→ **SUPPLIED DATA**:
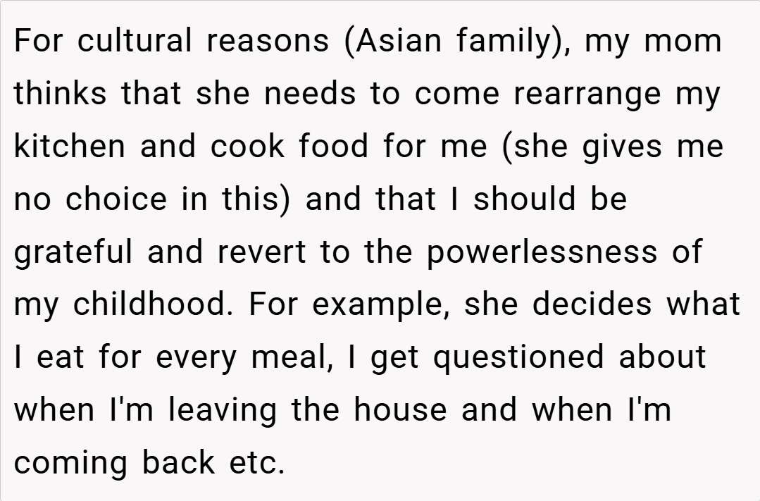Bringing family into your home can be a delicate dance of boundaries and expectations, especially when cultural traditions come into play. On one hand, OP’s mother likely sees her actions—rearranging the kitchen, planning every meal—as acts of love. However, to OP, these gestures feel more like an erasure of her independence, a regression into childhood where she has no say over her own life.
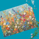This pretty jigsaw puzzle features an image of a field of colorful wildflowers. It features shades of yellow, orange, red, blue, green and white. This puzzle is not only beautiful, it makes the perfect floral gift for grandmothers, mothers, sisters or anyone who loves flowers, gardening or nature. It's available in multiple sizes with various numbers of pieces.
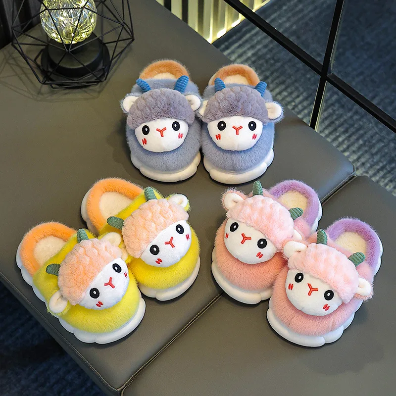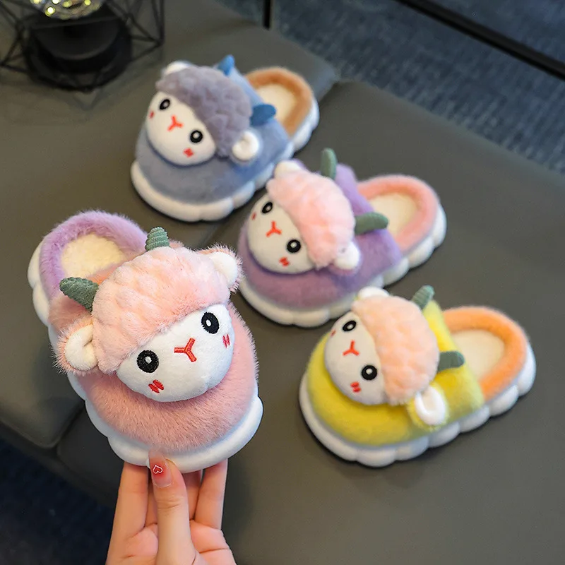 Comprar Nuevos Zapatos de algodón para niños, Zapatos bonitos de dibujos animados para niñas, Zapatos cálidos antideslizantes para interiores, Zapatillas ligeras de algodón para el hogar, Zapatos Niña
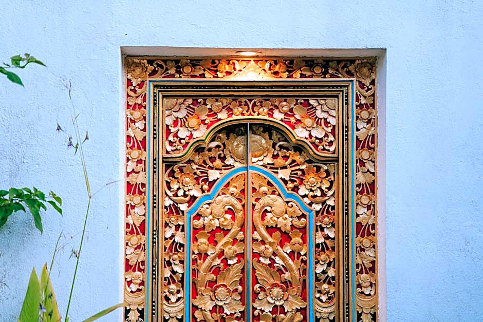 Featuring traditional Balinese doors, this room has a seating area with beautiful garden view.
---
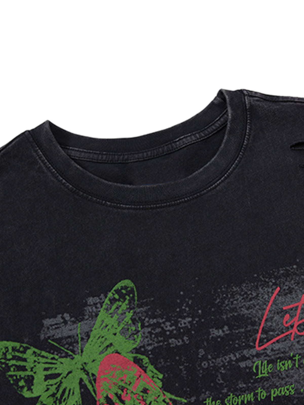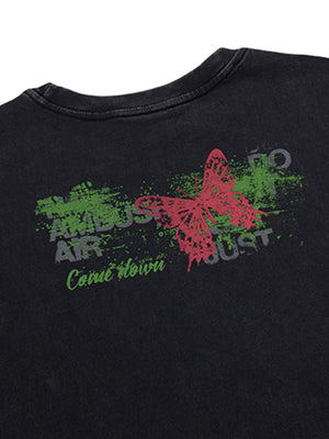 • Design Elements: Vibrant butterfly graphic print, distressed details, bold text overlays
...
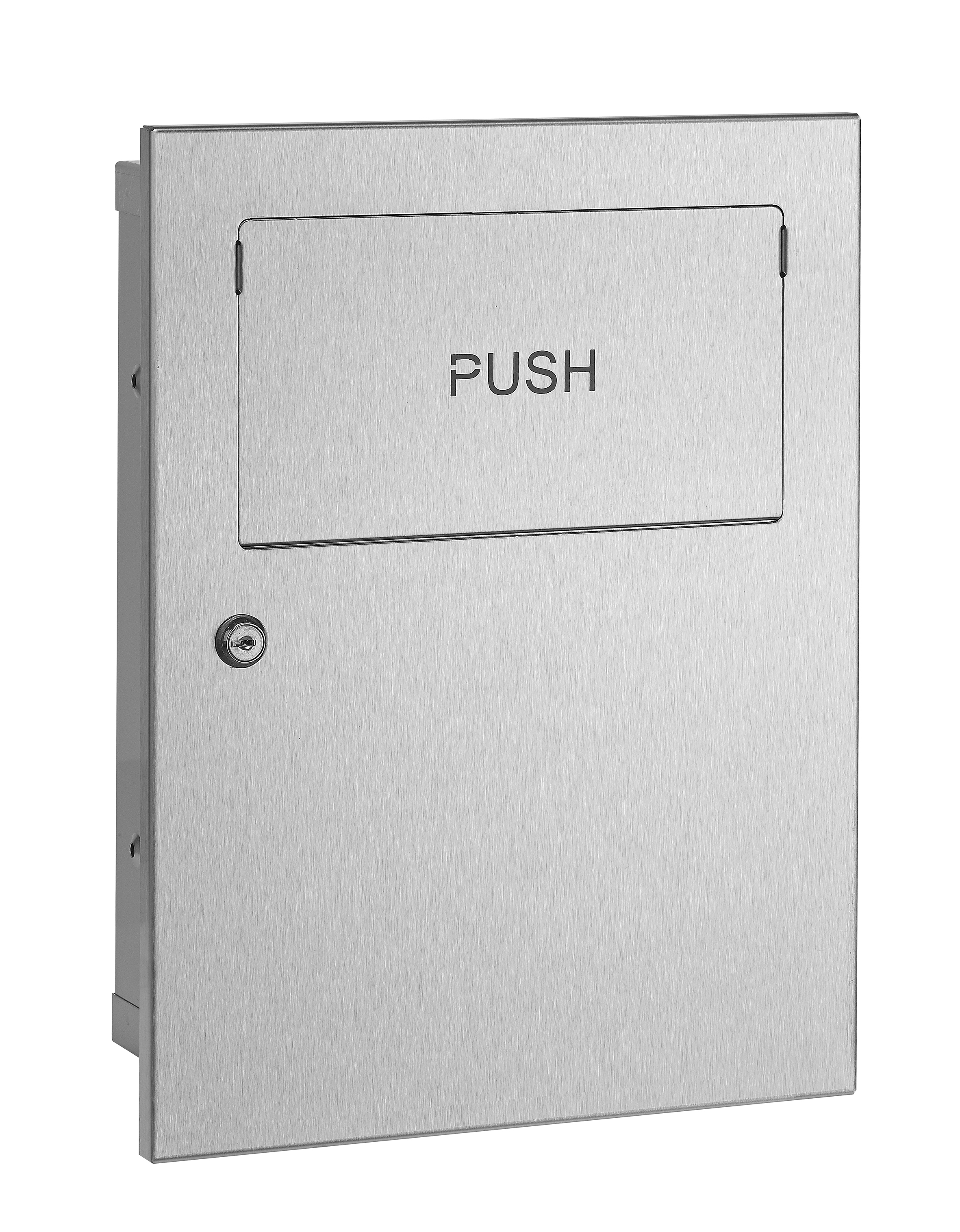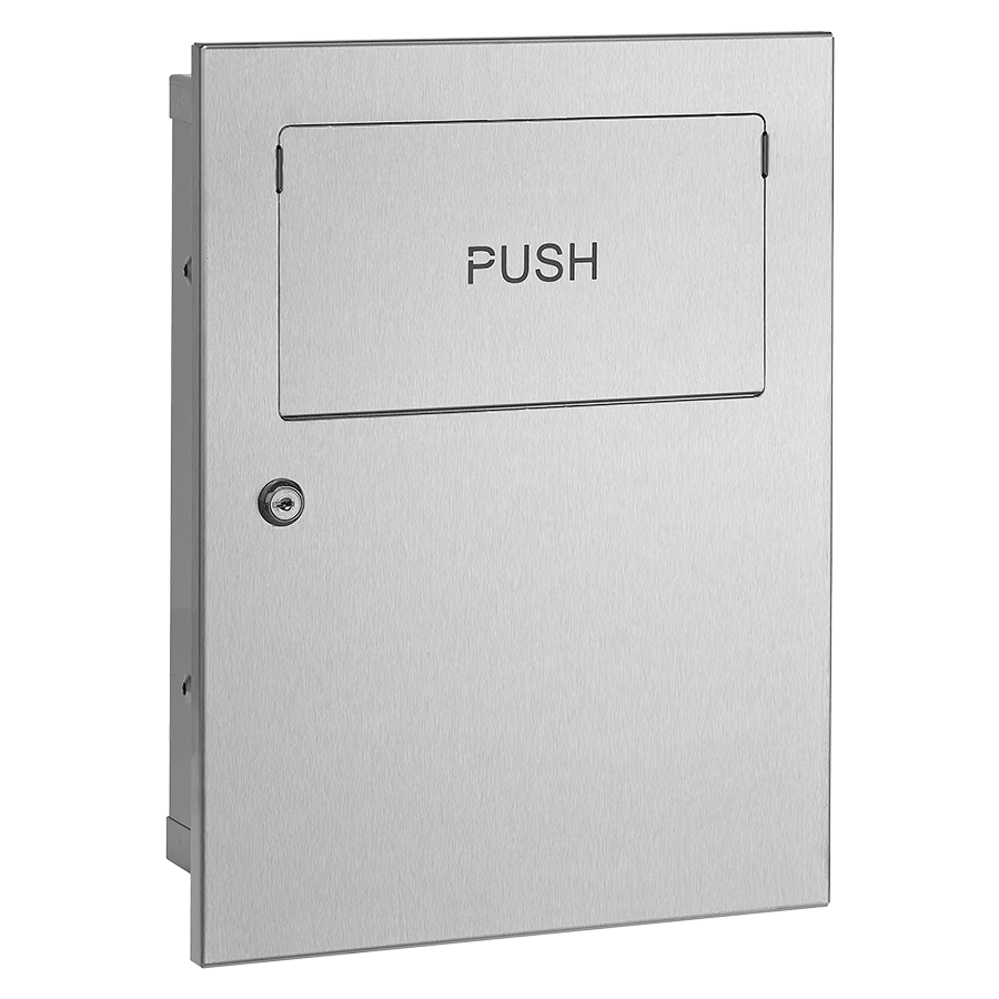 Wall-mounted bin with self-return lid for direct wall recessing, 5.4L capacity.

→ **AIM OF THE TASK**:
All pictures are to be skipped. Output, word for word, the lines in the data above starting at the line containing "Bringing family into" and ending at the line containing "Featuring traditional Balinese".

→ **EXERCISE OUTPUT**:
Bringing family into your home can be a delicate dance of boundaries and expectations, especially when cultural traditions come into play. On one hand, OP’s mother likely sees her actions—rearranging the kitchen, planning every meal—as acts of love. However, to OP, these gestures feel more like an erasure of her independence, a regression into childhood where she has no say over her own life.
This pretty jigsaw puzzle features an image of a field of colorful wildflowers. It features shades of yellow, orange, red, blue, green and white. This puzzle is not only beautiful, it makes the perfect floral gift for grandmothers, mothers, sisters or anyone who loves flowers, gardening or nature. It's available in multiple sizes with various numbers of pieces.
 Comprar Nuevos Zapatos de algodón para niños, Zapatos bonitos de dibujos animados para niñas, Zapatos cálidos antideslizantes para interiores, Zapatillas ligeras de algodón para el hogar, Zapatos Niña
 Featuring traditional Balinese doors, this room has a seating area with beautiful garden view.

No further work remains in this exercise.